Helpful Holiday Safety Tips for Pet Owners
As we gather with loved ones this holiday season, it’s only natural that we include our furry family members in the merriment. To ensure all the festivities are fun and safe for your pets, be mindful of these tips as you celebrate.
Common holiday decorations can be enticing to pets, especially if your pets haven’t seen them before.
Watch the Wires
When you leave your home, turn off all interior decorative lighting. Wires can be tempting for pets to chew on. Try to keep all wires out of reach of your pet if possible.
Use Caution with Candles
Do not leave any lit candles unattended around your pets. If you must leave the room, blow out the candles first. Cats can be especially tempted to swat at candle flames, and dogs may bump into furniture and knock over candles.
Rockin’ Around Christmas Tree
Make sure that your Christmas tree is securely anchored to a wall so it does not fall over and cause potential injury or distress. If you have a real tree, monitor your pet and make sure he does not drink any of the water out of the tree stand. Stagnant tree water can carry harmful bacteria.
Make sure that your pets do not have access to “people food” during the holidays, as many foods that are fine for humans are toxic for pets, including grapes, raisins, onions, and chocolate.
While many of us like to indulge in sweets during the holidays, these tasty treats can be particularly harmful to our furry friends. Keep all chocolate well out of reach.
Xylitol is a common artificial sweetener found in many products, including gum, candy, and pre-made baked goods. It can sometimes be found in peanut butter, ketchup, and other condiments too. If a product is branded as “sugar-free,” check the ingredients on the label to see if it contains Xylitol. It may also be listed as “sugar alcohol.” Xylitol can also be found in mouthwash, toothpaste, and deodorant, although it’s less likely that your pet will ingest large quantities of these items. (Let’s hope not!)

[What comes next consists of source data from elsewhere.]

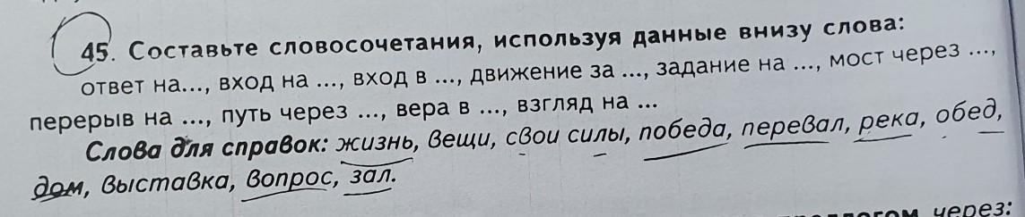 Ответ на вопрос, вход на выставку, вход в зал, движение за жизнью, задание на дом, мост через реку, перерыв на обед, путь через перевал, вера в победу, взгляд на вещи
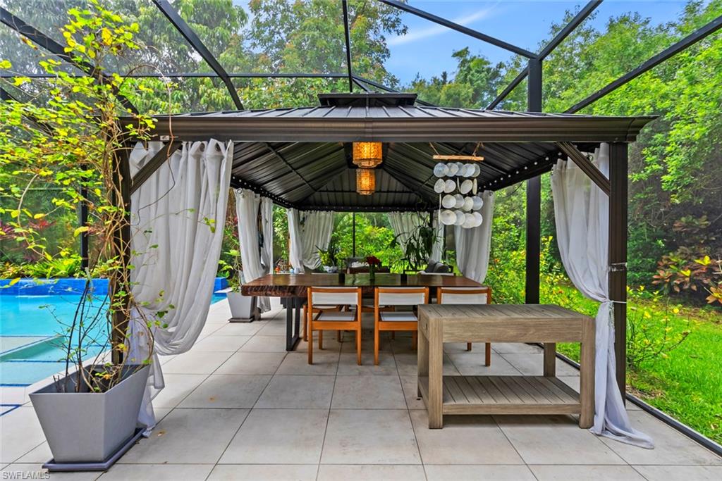 Discover a truly one-of-a-kind Naples retreat, a custom estate offering a luxurious pool home, a private guest house, and a large boat house on nearly two acres of beautifully landscaped grounds. Ideally located near I-75 and only a short drive from Fifth Avenue’s premier shopping, white-sand beaches, dining, and entertainment, this residence blends luxury, privacy, and exceptional versatility. Its thoughtfully designed layout divides the total living space between the main residence and a fully independent guest home. Of the home’s five bedrooms and five bathrooms include two bedrooms and two bathrooms in the guest house, providing complete privacy between dwellings. This setup is ideal for adult children, aging parents, multigenerational living, or income generation. The updated main house welcomes you with an open-concept design perfect for entertaining. The living room features 16-foot vaulted ceilings and a striking stone fireplace. The gourmet kitchen includes statement granite countertops, a large island, wet bar, wine refrigerator, and premium Jenn-Air appliances. The adjacent dining area adds a dry bar and an additional wine refrigerator for effortless hosting. Glass doors open to an elevated screened-in lanai with luxurious porcelain pavers that flow onto the pool deck. A custom heated saltwater pool anchors the outdoor oasis, complete with waterfalls, sun shelf, 360-degree champagne-spillover spa, bubblers, and ambient lighting. A cabana-style dining and lounge area with market lighting and lush accents enhances the relaxing atmosphere. The main residence offers three bedrooms, including a spacious primary suite with a custom walk-in closet and a spa-inspired bathroom featuring a large rain shower. A dedicated office or den, two remodeled full bathrooms, and a pass-through three-car garage complete the main home. The guest house provides its own kitchen with skylight and granite countertops, vaulted ceilings, a sunroom, two bedrooms, two bathrooms, and a private one-car garage, making it perfect for family, guests, or rental income. At the rear of the property, a modern workshop and boat storage building measuring approximately 20 by 36 feet with a 16-foot ceiling, roll-up door, and LED lighting adds exceptional functionality, with convenient access via 58th Street SW. The grounds offer seclusion and tropical beauty, featuring mango, avocado, and banana trees, along with mature bamboo that creates a lush, botanical-garden feel. This remarkable Naples estate offers serene, private living with unmatched flexibility, all just minutes from downtown. Opportunities like this are truly rare.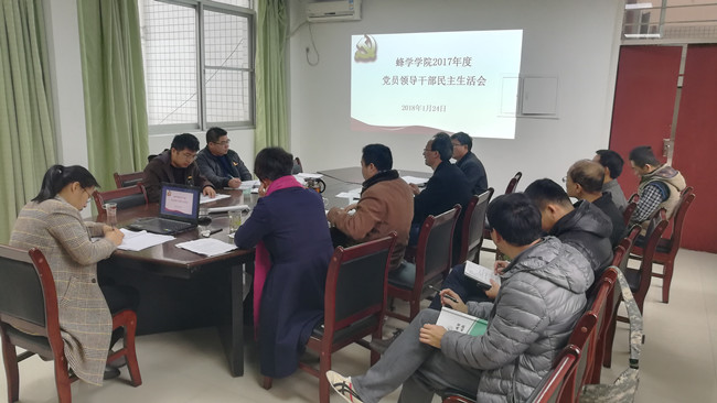 1月24日上午,蜂学学院党委召开以“认真学习领会习近平新时代中国特色社会主义思想,坚定维护以习近平同志为核心的党中央权威和集中统一领导,全面贯彻落实党的十九大各项决策部署”为主题的党委班子民主生活会。院党委班子成员参会,科级干部、系主任、支部书记、工会主席列席会议。会议由院党委书记张开晃主持,校第2督导组副组长、校党委办公室(校办公室)副主任沈锐强及校保卫处(人民武装部)办公室主任黄锦湖莅会指导。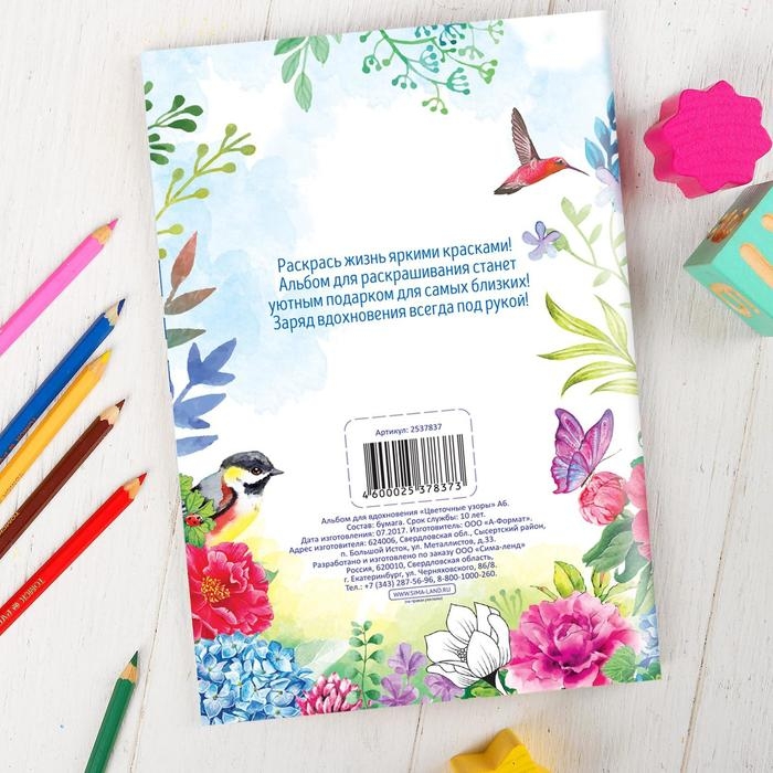 Раскраска - антистресс, альбом «Цветочные узоры» А6
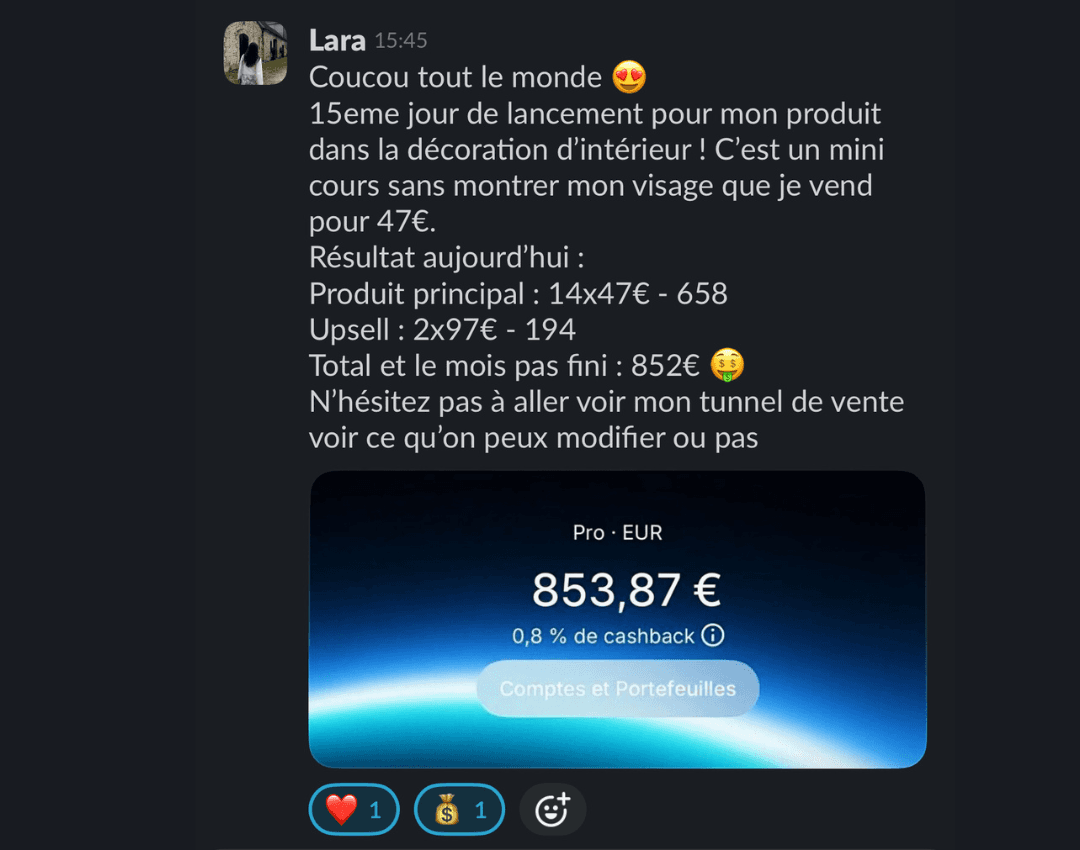 Tu auras lancé ton premier produit digital IA, il commencera à générer des ventes même pendant que tu dors. Et tu commenceras à goûter à la sérénité d’un complément de revenus en ligne régulier, qui ne dépend ni d’un patron ni d’un horaire.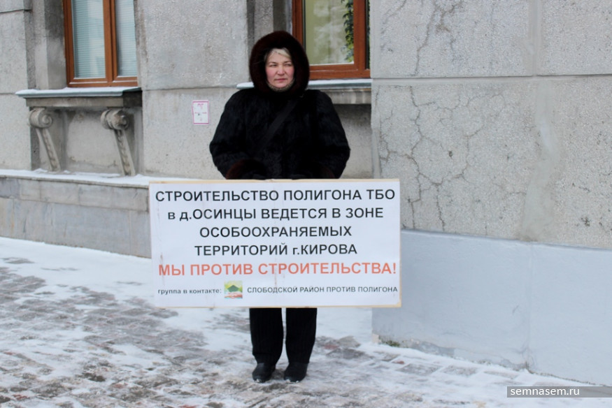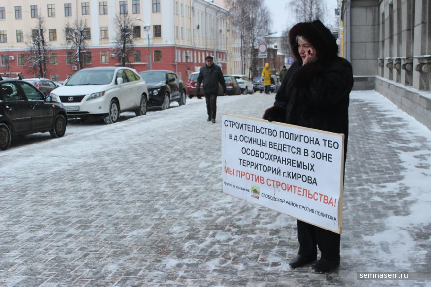 Член общественной организации «Среда обитания» и активистка Татьяна Столбова 12 декабря вышла к зданию правительства с одиночным пикетом против строительства полигона около деревни Осинцы в Слободском районе. Она собирается простоять на морозе с 09:00 до 13:00. Корреспондент «7x7» спросил Татьяну Столбову, зачем она это делает и чем именно общественников не устраивает строительство полигона.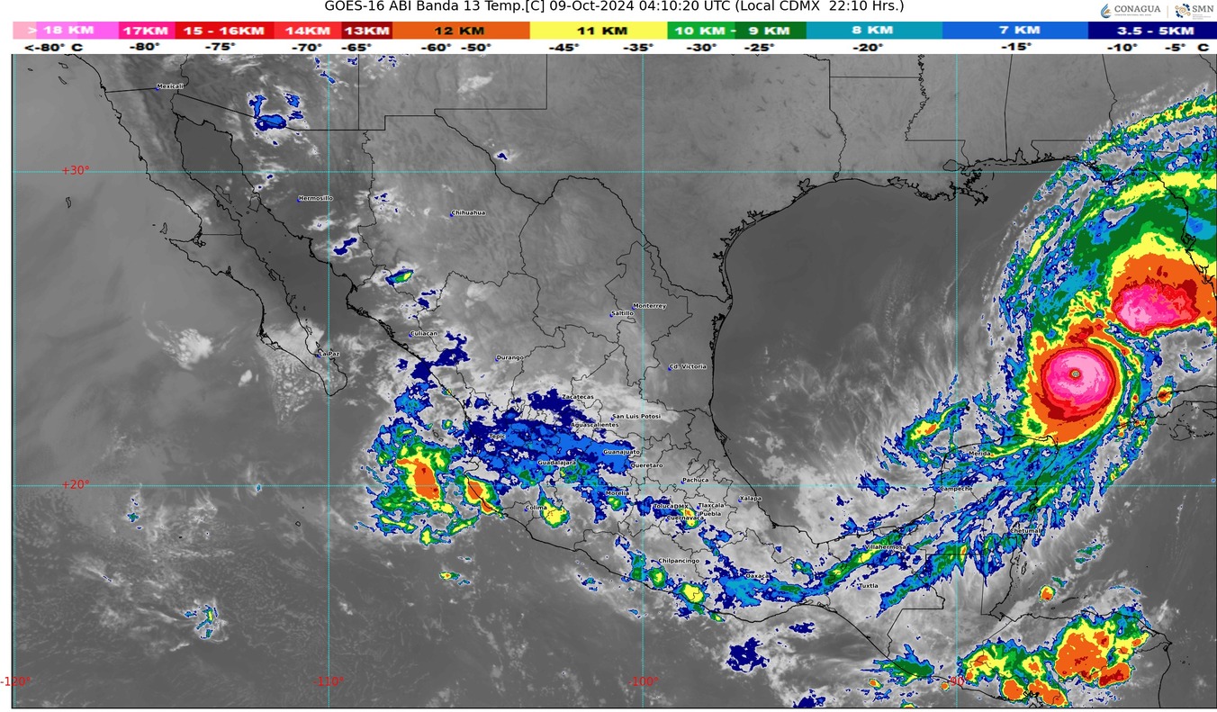posible formación de trombas marinas en las costas de Yucatán, con rachas de 70 a 90 km/h, oleaje de 2 a 4 metros de altura y posible formación de trombas marinas en costas del norte de Campeche y Quintana Roo. Además, se prevén rachas de 60 a 80 km/h y oleaje de 1 a 3 metros de altura en costas del sur de Veracruz y Tabasco, y con rachas de 40 a 60 km/h en el istmo y golfo de Tehuantepec (Oaxaca y Chiapas). Se pronostica que dichas condiciones disminuyan conforme Milton se aleje de costas nacionales. Por otro lado, una zona de baja presión con probabilidad de desarrollo ciclónico que se desplaza lentamente frente a las costas de Jalisco y Nayarit, en interacción con la vaguada monzónica que está próxima a las costas del Pacífico mexicano, ocasionan lluvias puntuales muy fuertes en Nayarit, Jalisco, Colima, Michoacán, Guerrero y Oaxaca; así como viento con rachas de 50 a 70 km/h, oleaje de 1 a 3 metros de altura y posible formación de trombas marinas en las costas de Nayarit y Jalisco. Asimismo, el ingreso de humedad del océano Pacífico y Golfo de México junto con canales de baja presión en el interior del país, originan lluvias puntuales fuertes en Sinaloa, Durango, Zacatecas, Estado de México, Ciudad de México, Morelos, Puebla, Veracruz, Tabasco y Chiapas; chubascos en Aguascalientes, Guanajuato y Tlaxcala, así como lluvias aisladas en Baja California Sur, Sonora, Chihuahua, Nuevo León, Tamaulipas, San Luis Potosí, Querétaro e Hidalgo.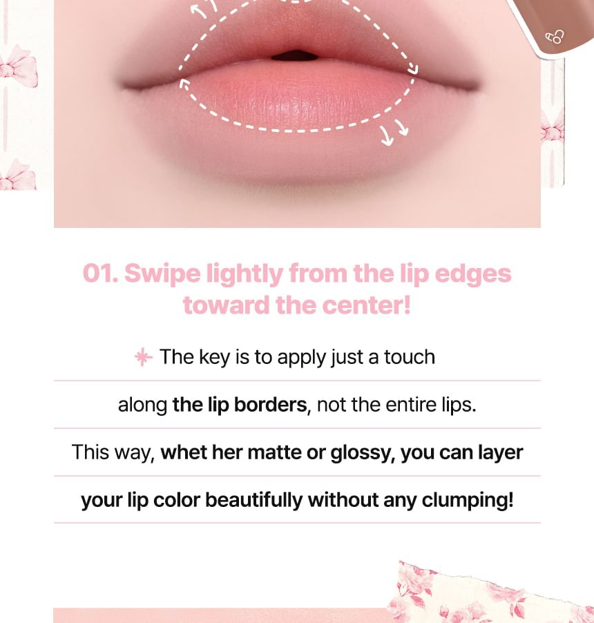 Apply a moderate amount starting from the lip line to the inner lips, then layer and blend for a natural finish.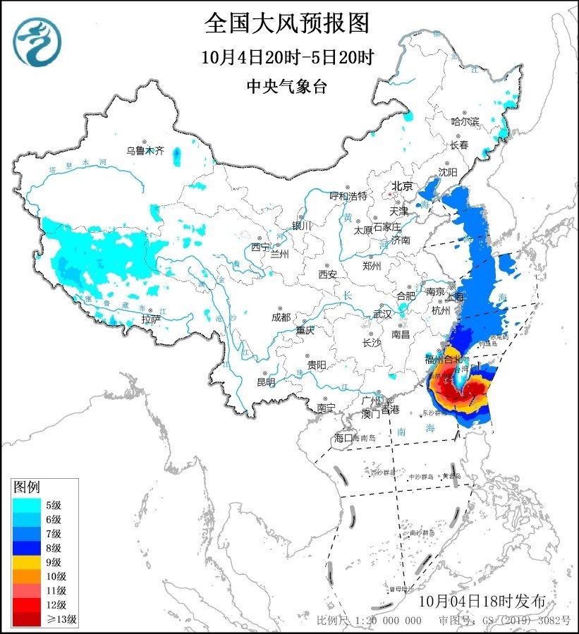 中央氣象臺10月4日18時繼續(xù)發(fā)布大風黃色預警,預計,10月4日20時至5日20時,東海西南部海域、臺灣海峽、臺灣以東洋面、巴士海峽、南海東北部偏北海域?qū)⒂?~9級、陣風10~11級的大風,其中臺灣海峽、臺灣以東洋面、巴士海峽的部分海域風力可達10~12級、陣風13~14級,臺風“小犬”中心經(jīng)過的附近海域風力可達13~14級、陣風15~16級;渤海北部海域、黃海東部海域、東海西北部海域?qū)⒂?級、陣風8級的大風;西藏西部、浙江沿海、福建沿海、臺灣島將有5~6級、陣風7級的大風。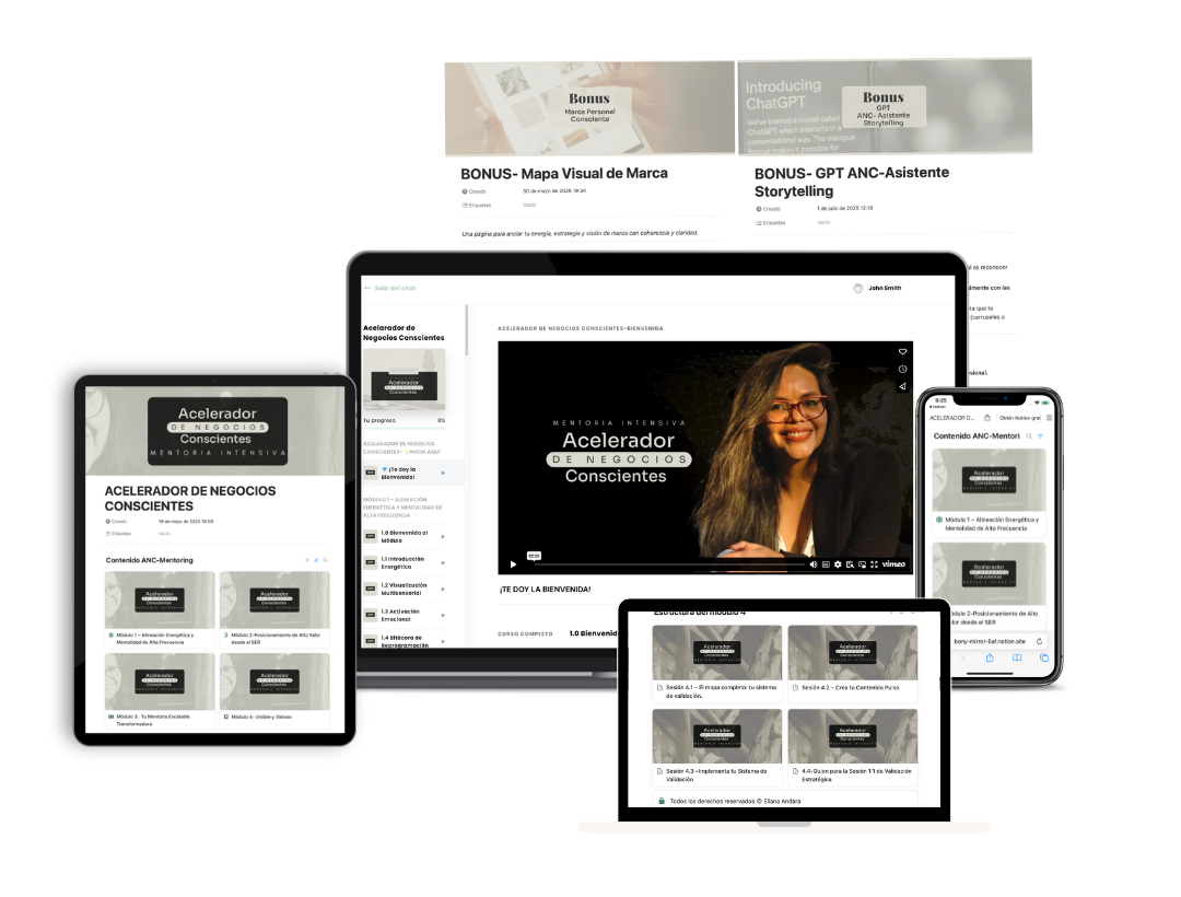 La primera edición del Acelerador de Negocios Conscientes incluye acceso en tiempo real a todo el proceso de creación y validación de tu programa, además de recursos premium diseñados para potenciar tu claridad, enfoque y acción.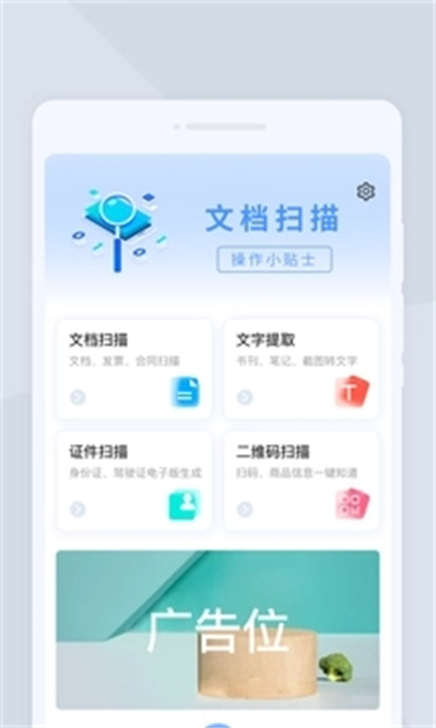 1、打开软件,可以看到软件可以文档扫描、文字提取、证件扫描、二维码扫描等,如图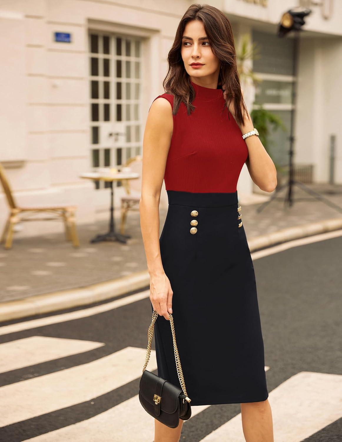 GRACE KARIN 2025 Women's Lightweight Mock Neck Business Work Dress Sleeveless Double Breasted Bodycon Midi Dress(Red-black)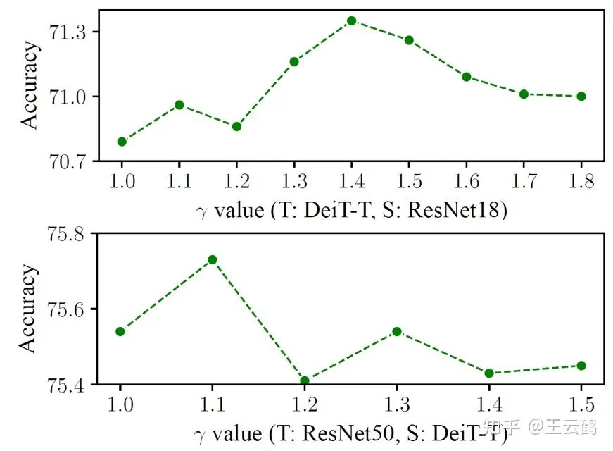 The above figure compares the impact of different value settings on the result on ImageNet. It can be seen that by selecting a proper value setting, the improved KD loss formulation can obtain a better result than that of the original KD loss formulation.

When you leave the house, or even when you leave the kitchen for an extended period of time, be sure to take out the trash. Many dogs enjoy rummaging through the trash every now and then, and the aroma of rich holiday food can be difficult for them to resist. Save yourself a trip to the vet by throwing away all table scraps outside.
If your celebrations include cocktails, make sure that they are kept well out of paw’s reach. Alcohol is toxic for pets even in small doses. Don’t leave glasses unattended, and maybe rethink the punch bowl.
Being surrounded by unfamiliar people can be stressful for your pet. With a little preparation, you can avoid unnecessary anxiety.
Give Your Pets Space
If you will be entertaining guests in your home, make sure they are aware of your pets. If your pet becomes anxious, give him a private, quiet space with a favorite toy. Ask your guests ahead of time if they intend to bring their pets, and plan accordingly.
Give Your Guests Instructions
If your pet has any quirks that your guests need to know about, make sure to bring them to their attention. You may need to remind guests not to feed your pets any “people food.
Watch the Doors
From greeting guests to checking on the oven, it’s easy to get distracted while entertaining during the holidays. Keep an eye on the exits to make sure that your pets do not get outside unsupervised. You may need to ask a friend to help you with this task!
If you are visiting friends and family during the holidays, make a plan for your pets well in advance.
If you are traveling during the holidays and cannot take your pet with you, board him at a familiar facility and make sure he is up to date on all of his vaccinations. If you can take your pet along, review our checklist of travel safety tips.
If you will be out of town for an extended time, consider asking a friend or family member to watch your pet at home while you traveling. Make sure your pet sitter has a list of any current medications your pet is taking, specific instructions about your pet’s daily routine, and the contact information for your veterinarian.
By keeping these tips in mind, you can help ensure safe and happy holiday celebrations with your pet. We wish you and your pets all the best this holiday season!